How to complete this task: In the listing below, how many lines contain the string "finish"? Answer with the number only.

Given information:
· · · ·

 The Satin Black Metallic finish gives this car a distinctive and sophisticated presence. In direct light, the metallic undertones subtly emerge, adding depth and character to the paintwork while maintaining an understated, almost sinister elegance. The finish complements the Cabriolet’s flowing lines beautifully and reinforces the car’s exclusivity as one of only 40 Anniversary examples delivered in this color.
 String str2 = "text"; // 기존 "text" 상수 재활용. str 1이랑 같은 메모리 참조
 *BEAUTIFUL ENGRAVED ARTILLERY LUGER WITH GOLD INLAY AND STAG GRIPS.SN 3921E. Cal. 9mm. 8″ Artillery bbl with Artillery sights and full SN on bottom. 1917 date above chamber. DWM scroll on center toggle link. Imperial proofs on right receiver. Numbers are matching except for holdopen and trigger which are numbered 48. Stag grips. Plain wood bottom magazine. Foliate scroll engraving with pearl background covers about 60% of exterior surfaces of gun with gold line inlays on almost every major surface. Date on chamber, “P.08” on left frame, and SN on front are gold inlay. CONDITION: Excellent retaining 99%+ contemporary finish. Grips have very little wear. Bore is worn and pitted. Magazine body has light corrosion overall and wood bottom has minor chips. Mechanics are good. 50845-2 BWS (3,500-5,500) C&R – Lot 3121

· · · ·

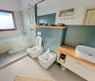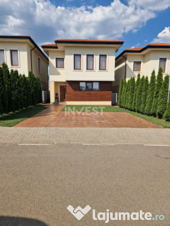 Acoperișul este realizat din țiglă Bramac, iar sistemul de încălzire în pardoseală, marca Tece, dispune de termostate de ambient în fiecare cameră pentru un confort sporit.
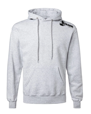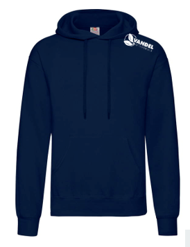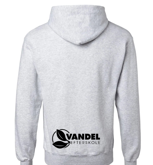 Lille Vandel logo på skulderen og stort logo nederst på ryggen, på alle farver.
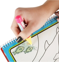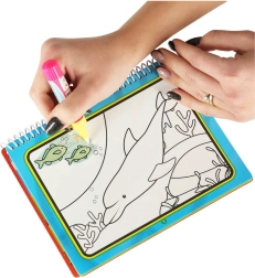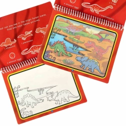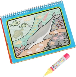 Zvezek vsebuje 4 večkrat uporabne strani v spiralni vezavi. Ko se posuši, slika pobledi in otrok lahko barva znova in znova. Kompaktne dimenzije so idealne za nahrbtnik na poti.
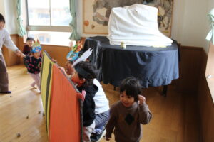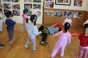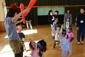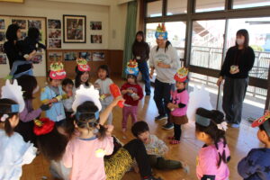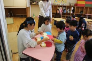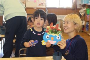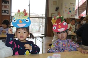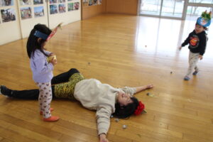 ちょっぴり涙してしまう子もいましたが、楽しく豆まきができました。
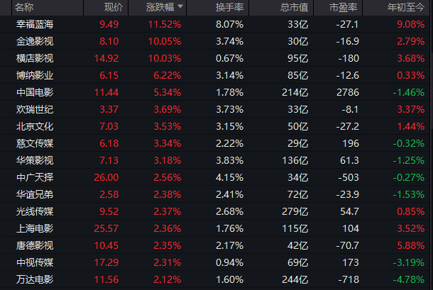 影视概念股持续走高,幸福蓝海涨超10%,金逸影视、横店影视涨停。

· · · ·

Response: 2